-- PROVIDED DATA --
■ ■ ■ ■
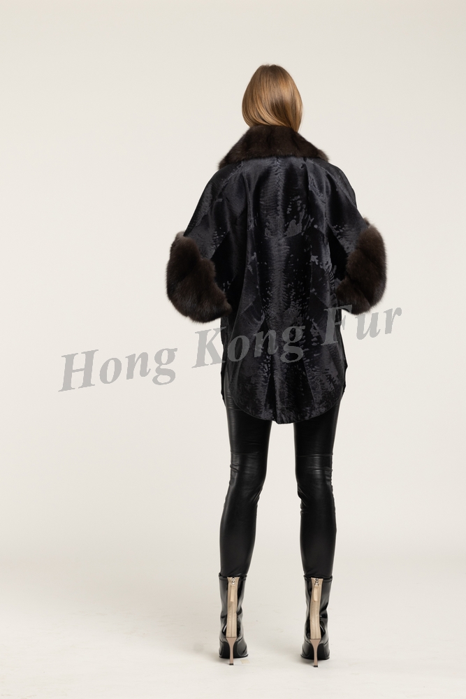 DYED GREY RUSSIAN BROADTAIL PONCHO WITH RUSSIAN SABLE NOTCH COLLAR/CUFF
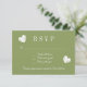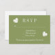 Elegant moss green RSVP wedding response cards for reply. Give your guests a way to respond if they are coming or not to your elegant wedding. This design goes together with wedding reception invitations and other items of a classy matching themed collection set. Customisable text and paper quality. Rustic love heart symbol design for bride and groom couple. Trendy custom colour themes for marriage. Stylish script typography template. R S V P accepts with pleasure, total number of guests, declines with regret.
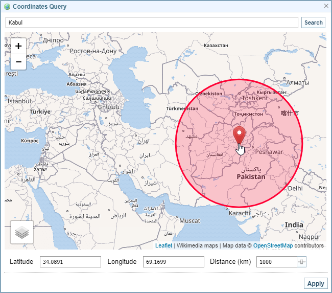 - To change the radius, enter the range (in kilometers) in the Distance field below the map, or click the icon beside the field, then use the slider to zoom in or out.
■ ■ ■ ■
-- HOW TO COMPLETE THIS TASK --
Only the pictures are to be dropped; the rest of the material above must be duplicated exactly.

-- EXERCISE RESULT --
 DYED GREY RUSSIAN BROADTAIL PONCHO WITH RUSSIAN SABLE NOTCH COLLAR/CUFF
 Elegant moss green RSVP wedding response cards for reply. Give your guests a way to respond if they are coming or not to your elegant wedding. This design goes together with wedding reception invitations and other items of a classy matching themed collection set. Customisable text and paper quality. Rustic love heart symbol design for bride and groom couple. Trendy custom colour themes for marriage. Stylish script typography template. R S V P accepts with pleasure, total number of guests, declines with regret.
 - To change the radius, enter the range (in kilometers) in the Distance field below the map, or click the icon beside the field, then use the slider to zoom in or out.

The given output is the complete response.